Social Science courses such as Psychology, Sociology, and others. Also includes courses for Education.

Sociology is the scientific study of humans living with one another in a society. Basic social concepts studied include: social organization, culture, collective behavior, deviant behavior, stratification, population, and social institutions such as family, religion, and education. Students are exposed to fundamental theories, methods, and techniques used by sociologists.
An introduction to the scientific study and interpretation of human behavior. The topics include: scope and goals of psychology, learning, perception, sensation, motivation, emotions, physiological basis for behavior, mental illness, psychotherapy, and personality development. The course reflects the increasing attention being paid to experimental procedures, laboratory techniques and research findings.
This course provides a general introduction to the foundational skills of the Humanities: observation, description, analysis, and explanation. Students will consider evidence from fields including architecture, music, advertising, cartography, and literature, both fiction and non-fiction. Some evidence will be observed by way of fieldwork, with visits to sites and events of cultural significance. Emphasis will be on how meaning is constructed and conveyed rather that what meaning is attributed to any given piece of evidence.
This course covers the political, social, and cultural history of the United States from its colonial founding through the Reconstruction period. It examines the clash of European and native civilizations; development of colonies; growing independence of the colonies; revolution and the formation of a national government, nation building; sectional conflict; the Civil War; and rebuilding the nation after the war.
This course covers the evolution of leading civilizations and the interaction among different peoples and societies around the globe. It examines the rise of the west as a dominant influence on the world; global change in Afria and Asia; industrilization and imperialism throughout the 19th century; major developments in the history of Latin America from its colonial period; the crises in the west during the 20th century; the rise and fall of the Soviet Union; decolonization; and the major developments in Asia, especially Japan, during the 20th century.
The Microeconomics course is designed to provide a study of individual markets in our economy.
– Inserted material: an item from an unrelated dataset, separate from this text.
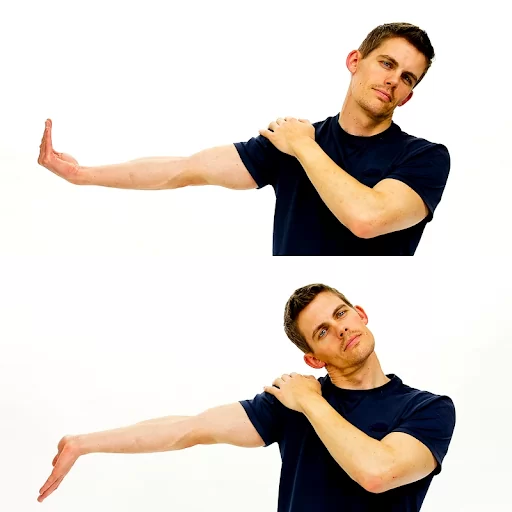Next, tilt your head away from your arm. Imagine your arm, neck, and head forming a diagonal line.
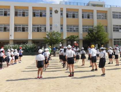 今週は、台風が接近していたり、暑さ指数が高く「運動中止」となったりしました。今日は、気持ちの良い天気になりました。プール水泳学習も今日で最後となりました。

We will examine price-output behavior in purely competitive, oligopolistic, monopolistically competitve, and monopolistic markets. Other topics reviewed in this course include: Resource markets, concentration ratios, labor and unions, pollution, agriculture, and international trade. In summary, our studies will emphasize how households and firms make decisions and interact within the economic markets in which we live. This course fulfills a social science requirement.
This course covers the concepts of emergency management and crisis planning as an activity to anticipate, prevent, prepare for, resond to and recover from various incidents. It examines the critical role emergency management and planning plays in protecting the social and economic stability of our communities.